"Don't wait for opportunities: go and look for them; develop your skills, improve them and, above all, believe in your abilities". This was the main message left by Bob Williamson, President of ISTMA to the toolmakers of the American continent in particular, but also to all those around the world who were engage in this session. He spoke at the webinar 'Americas: Statistics & Trends' which, organised by ISTMA, took place on 9 December, with a 'virtual' attendance composed by more than 80 attendees, from different regions of the world. During the webinar, José Camacho, invited speaker, presented economic data from four countries of the American continent that were also members of the discussion panel: United States (NTMA), Brazil (ABINFER), Canada (CTMA) and Mexico (AMMMT).

In his speech, José Camacho emphasized the role of Covid-19 in the breakdown of the economies of the region, considering that this disease is still a concern. He stressed that each country has different dynamics in relation to the pandemic, which puts them at different economic paces. The Covid vaccine still has, in his view, many uncertainties and he estimates that by 2021 the whole American continent (and the world) will still go through a long period of struggle against the pandemic and it is not yet possible to predict when the economy will return to the pre-Covid era values. He also stressed that it is not yet possible to predict whether consumption will change significantly in the future.
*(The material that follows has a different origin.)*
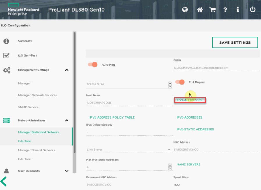Tại giao diện cấu hình iLO, truy cập vào mục Network Interfaces, sau đó chọn Manage Dedicated Network Interface. Tiếp theo, chọn IPv4 Addresses để mở cửa sổ cấu hình địa chỉ IPv4.

Referring to the four American countries, he revealed that statistics put Canada and the United States as the quickest economically recovering countries, while Brazil and Mexico will experience a slower recovery.

He also presented data on the car industry, stating that forecasts indicate that decision-making on the new mobility may be extended over time, between 2022 and 2024. This delay could, however, be reversed if, for example, more certainties and more confidence emerge regarding the (positive) evolution of the pandemic.

At the time of the debate and noting the reduction in activity felt by manufacturers as a result of the pandemic, Roger Atkins (USA) argued that companies must "start positioning themselves now for the recovery of the economy" that he believes will happen in the near future. Employee training and capacity building are, in his view, key elements to the period after pandemics.

Rob Cattle (Canada) pointed out that in his country, many companies in the sector had managed to grow by moving into other areas, changing the focus they had placed on the automotive industry. For this reason, he considered that "diversification is the way forward" to recover activity. And, in this sense, he urged manufacturers to equip themselves with the appropriate technologies.

For Christian Dihlmann (Brazil), there is an enormous need in his country to invest in training in order to improve the qualifications of professionals, especially those who, he stressed, "are in charge of business. Many manufacturers "are not well prepared for the problematic situation that has arisen in recent months", he referred. In his view, improving standards is the possibility of having a bright future.

Eduardo Medrano (Mexico), who chaired the debate, said that industry in his country was going through a difficult period, mainly due to the delay in launching new models in the automobile and aeronautical sectors. But when this situation changes and the market pick up again, he warned, manufacturers "have to be prepared and, for that, they have to start already with it". Well-trained professionals and technologies that ensure greater efficiency are, in his view, the main topics.

Before the end of the debate, Joaquim Menezes, president of ISTMA Europe also took the floor to share some of his concerns about the sector. "Many manufacturers will not be able to resist this period, they will die, but good companies will survive," he said.